In the traditional design, for the convenience of assembly, a motor shaft is connected with a joint pull rod, two-stage vibration transmission connection amplification of a driving shaft and the pull rod and the joint exists in the middle, and the coaxiality of shafting installation is also deteriorated due to two-stage clearance fit; the utility model directly designs the motor shaft and the inner joint into a whole, the transmission path is changed from the original shell → the bearing → the driving shaft → the joint into the shell → the bearing → the joint, the vibration transmission link is reduced, and simultaneously, the inner joint 3 and the driving shaft 2 are integrally formed, the coaxiality of a shafting is strictly ensured, and the vibration transmission amplification is inhibited.

Further, the bearing span between the two bearings 5 is 8-9 mm.

Due to the limitation of assembly factors, the bearing 5 and the driving shaft 2 are in small clearance fit, the fit clearance is 0-2 mu m, and vibration transmission amplification caused by overlarge clearance is prevented; drive shaft 2 is supported by two bearings 5 about by, because there is clearance fit bearing 5 and drive shaft 2, there is the internal clearance bearing 5 self, and drive shaft 2 must have the vibration when microcosmically going up radial vibration, causes the vibration magnitude of joint end to enlarge, enlarges in order to reduce the vibration magnitude of magnitude that drive shaft 2 swings and causes, increases the bearing span between two bearings 5 to 8 ~ 9mm, guarantees the stability of motor shafting.

Further, the bearing 5 is a retainer ring type angular contact bearing.

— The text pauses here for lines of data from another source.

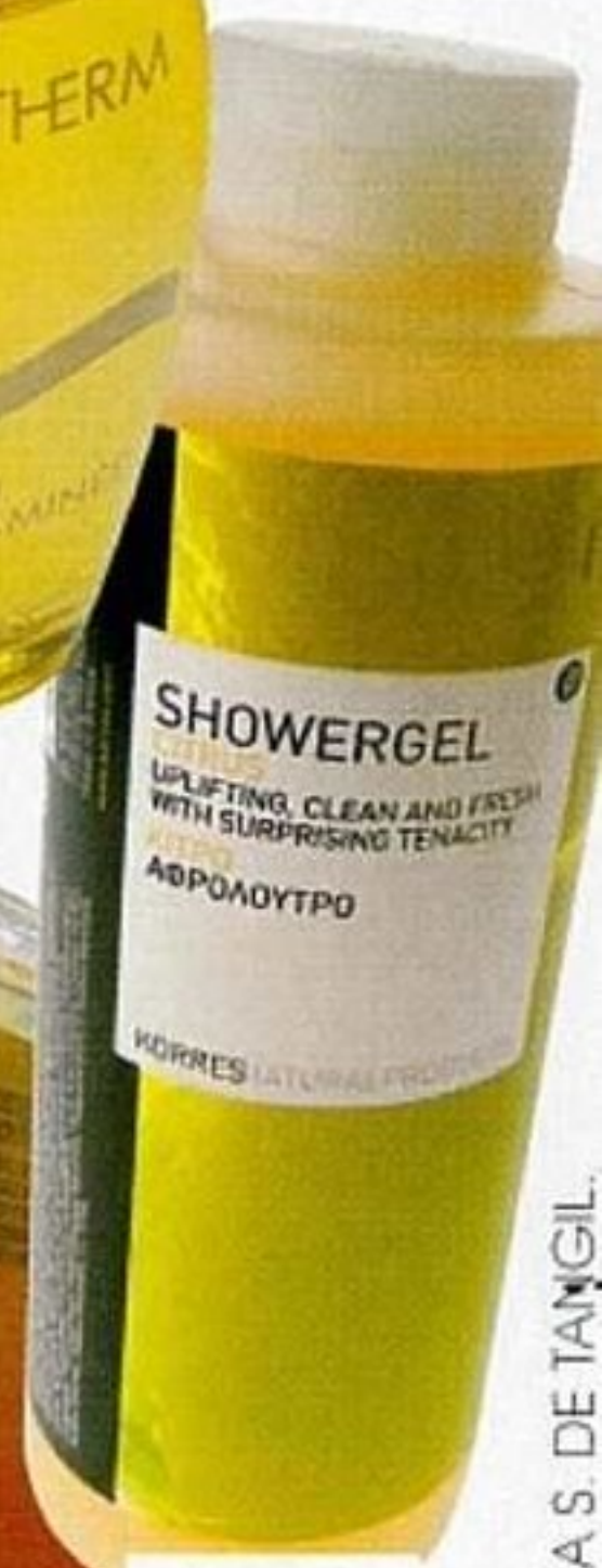
GEL DE DUCHA CITRUS, DE KORRES (9,80 €).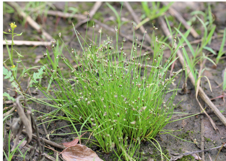
Abbildung 25: Die Borstige Schuppensimse ist eine seltene Pionierart auf offenen Schlammflächen von Gewässern.

lich ist. Durch eine weitere Vernässung könnten das ökologische Potential der Fläche optimiert und einige seltenere Feuchtezeiger, wie der Teich-Schachtelhalm ( Equisetum fluviatile ), gefördert werden.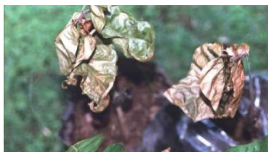
Figura 1. Tizón en las hojas, marchitamiento y muerte de plantas causado por P. palmivora . [Foto Dercy Parra (DP)/ Carmen Camejo (CC)].

Síntomas en vivero. Ocasiona manchas acuosas pardas e irregulares que se presentan en cualquier parte del limbo foliar (Fig.1). En fases avanzadas de vivero provoca una muerte regresiva de las plántulas en viveros (Phillips-Mora y Cerda 2009). Comienza con el oscurecimiento del tejido seguido de una necrosis, síntomas similares tanto en los chupones como en las plántulas (Surujdeo-Maharaj et al. 2016). En general, las hojas jóvenes son más susceptibles que el tejido maduro (Surujdeo-Maharaj et al. , 2016). P. palmivora puede provocar marchitamiento y muerte de las hojas en plantas adultas (Hardy 1961).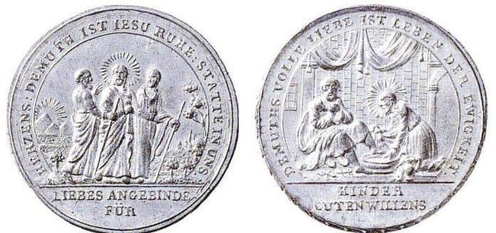
Abb. 7 und 8 Religiöse Zinnmedaille der «Kinder guten Willens» (Gichtelianer). Vorderseite und Rückseite. Deutschland (?), Ende 18./Anfang 19. Jahrhundert. Zinn, Gewicht: 22,41 g, Durchmesser: 3,9 cm. Schweizerisches Nationalmuseum, M 15144.

The conventional angular contact ball bearing needs a certain preload when working, if the preload is too small, the free clearance is larger, and the free clearance is changed under the conditions of axial force and radial force, so that the position of the gyro rotor 9 around the driving shaft 2 is unstable, and if the preload is too large, the friction force of the bearing is increased, and the service life of the bearing is influenced; the utility model ensures the consistency and the proper magnitude of the bearing assembling pretightening force by installing the bearing by the process shaft and controlling the deformation of the bearing under the rated pretightening force load, and the motor shaft is reloaded after the bearing is installed, thereby ensuring the proper magnitude of the bearing pretightening force in the instrument assembling process.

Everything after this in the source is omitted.